Reside (Sotheby's): Peter Marino, Ten Modern Houses
For an edition of Sotheby’s own magazine Reside, I wrote a short piece on a new Phaidon book release on modern houses by luxury fashion-retail architect Peter Marino. From the June 2024 issue:
The art of habitation
With a clientele roster that reads like an A to Z of luxury fashion houses—think Armani, Bulgari, and Chanel, to name just a few—New York-based architect Peter Marino is arguably the most sought-after designer for creating high-end retail environments. His residential designs, however, are equally jaw-dropping to behold, with individualistic and site-specific projects now revealed in a new book, Peter Marino: Ten Modern Houses (Phaidon).
To call him just a Modernist is a misnomer, as his style is really an amalgam of modern, material-led, art-focused, artisanal, and contextual.
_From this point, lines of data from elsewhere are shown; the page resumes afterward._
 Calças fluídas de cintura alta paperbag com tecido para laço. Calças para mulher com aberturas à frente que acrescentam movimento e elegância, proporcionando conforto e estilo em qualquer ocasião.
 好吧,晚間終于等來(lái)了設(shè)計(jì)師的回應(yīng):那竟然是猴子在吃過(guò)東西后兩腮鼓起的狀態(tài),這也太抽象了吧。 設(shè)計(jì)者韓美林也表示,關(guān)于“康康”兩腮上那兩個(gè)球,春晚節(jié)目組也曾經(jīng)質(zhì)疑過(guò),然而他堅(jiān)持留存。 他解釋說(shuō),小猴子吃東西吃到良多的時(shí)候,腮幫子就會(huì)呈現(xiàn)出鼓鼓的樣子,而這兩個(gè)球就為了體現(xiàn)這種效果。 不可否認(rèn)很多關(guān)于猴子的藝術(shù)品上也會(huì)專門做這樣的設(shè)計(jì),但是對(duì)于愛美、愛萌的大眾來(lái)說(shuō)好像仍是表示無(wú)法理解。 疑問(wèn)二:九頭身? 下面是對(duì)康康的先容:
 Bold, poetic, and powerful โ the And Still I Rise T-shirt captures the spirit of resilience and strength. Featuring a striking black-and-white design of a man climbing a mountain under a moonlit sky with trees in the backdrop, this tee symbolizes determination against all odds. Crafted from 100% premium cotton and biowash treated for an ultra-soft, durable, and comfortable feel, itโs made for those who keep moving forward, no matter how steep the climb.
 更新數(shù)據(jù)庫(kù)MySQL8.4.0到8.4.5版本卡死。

Who else can deftly craft a grand stone, wood, and bronze staircase to go with an abstract stainless- steel sculpture by Tony Cragg and hand-embroidered chairs in one residence — and then comfortably combine Takashi Murakami art with ancient phulkari textiles and vintage 1960s furniture in another?
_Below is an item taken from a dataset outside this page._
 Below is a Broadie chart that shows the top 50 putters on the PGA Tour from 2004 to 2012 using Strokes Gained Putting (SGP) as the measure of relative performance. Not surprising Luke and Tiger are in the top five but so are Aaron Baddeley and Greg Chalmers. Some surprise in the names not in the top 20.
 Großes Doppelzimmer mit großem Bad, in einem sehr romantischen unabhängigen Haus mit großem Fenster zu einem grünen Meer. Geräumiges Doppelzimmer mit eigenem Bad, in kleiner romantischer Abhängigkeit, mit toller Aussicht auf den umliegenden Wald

For a home in Florida, he approached a client with a museum-quality art collection—including works by the likes of Alexander Calder, Robert Rauschenberg, and Joan Miró—with a pair of linked Modernist, jewelry box-like volumes whose light limestone walls form the perfect neutral backdrop to the artworks. Beyond considering the contents of a house, Marino always engages with the surrounding landscape—here being a narrow waterside site on a private island in Biscayne Bay. He devised an entrance foyer with a completely glazed bay-facing back wall, to ensure that the water is the first thing people see upon entering the home.
The interconnected living and dining room treats visitors to views of the art collection and, through a double-height glass wall, of the bay once again. While the public areas harbor most of the artwork, the private zones offer up their own Marino brand of eye candy in the form of material exploration influenced by the locale’s tropical climate. In the master bath, for example, an exotic pattern of sliced green onyx at once conjures both a lush forest and an undersea coral reef.
Meanwhile, on a hillside in the south of France overlooking the Côte d’Azur, Marino eschewed a boxy and angular architectural approach for one of wavy organic forms and whimsical retro-mod motifs. Curved bands of blond stucco spill out beyond stacked fieldstone and glass walls to delineate generous balconies, shady overhangs, and green-roof expanses that meld into a terraced garden landscape while affording unobstructed sea views.
“I have tried to faithfully follow the spirit of the places that I built upon,” he says of the 10 international projects featured in the book. All, he adds, express a “high degree of affection for the art of habitation.”